For three years now, the cries of pain and the noise of weapons have replaced the smiles that used to characterize the people of Myanmar. I join the call of some Burmese bishops “in order that weapons of destruction may be transformed into instruments for the growth of humanity and justice.” Peace is a journey, and I invite all parties involved to take steps in dialogue and to clothe themselves in understanding so that the land of Myanmar may reach the goal of fraternal reconciliation. The transit of humanitarian aid must be allowed, in order to ensure that the basic necessities of every person may be met.

The same must happen in the Middle East, in Palestine and Israel, and wherever there is conflict: the populations must be respected! I always think intensely of all victims, especially of those who are civilians, who are killed by the war in Ukraine. Please, listen to their cry for peace: it is the cry of the people, who are tired of violence and want the war to stop. It is a disaster for the peoples and a defeat for humanity!

I have been relieved to learn about the release of the nuns and of the other people who were kidnapped with them in Haiti last week. I ask that those who are still being held captive be set free, and that every form of violence may cease.
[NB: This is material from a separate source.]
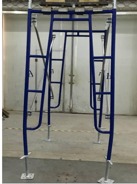
Sample 8-2 after test

Everyone must contribute to the peaceful development of this country, for which renewed support from the international community is needed.

I would like to express my closeness to the community of the church of Santa Maria in Istanbul, which suffered an armed attack during Mass that caused one death and left several injured.

Today we celebrate World Leprosy Day. I encourage those who are engaged in granting assistance to and in the social reintegration of the people affected by this disease, which, despite its decline, is still one of the most feared diseases and affecting the poorest and most marginalized.

Greetings to all of you who have come from Rome, Italy, and many parts of the world. In particular, the students of the “Puente Ajuda” Institute in Olivenza (Spain) and those of the “Sir Michelangelo Refalo” Institute in Gozo.

Now I address you, boys and girls of the Catholic Action, of the parishes and Catholic schools in Rome. You have come here at the end of the “Caravan of Peace,” during which you have reflected on the call to be guardians of Creation, which is a gift from God. Thank you for your presence! And thank you for your commitment to building a better society. Now let’s listen to the message that your friends, who are here by my side, will read.

[Reading of the message]

I wish everyone a good Sunday. Please, do not forget to pray for me. You see that young people, the children of Catholic Action, are good! Take courage! Have a good lunch, and arrivederci!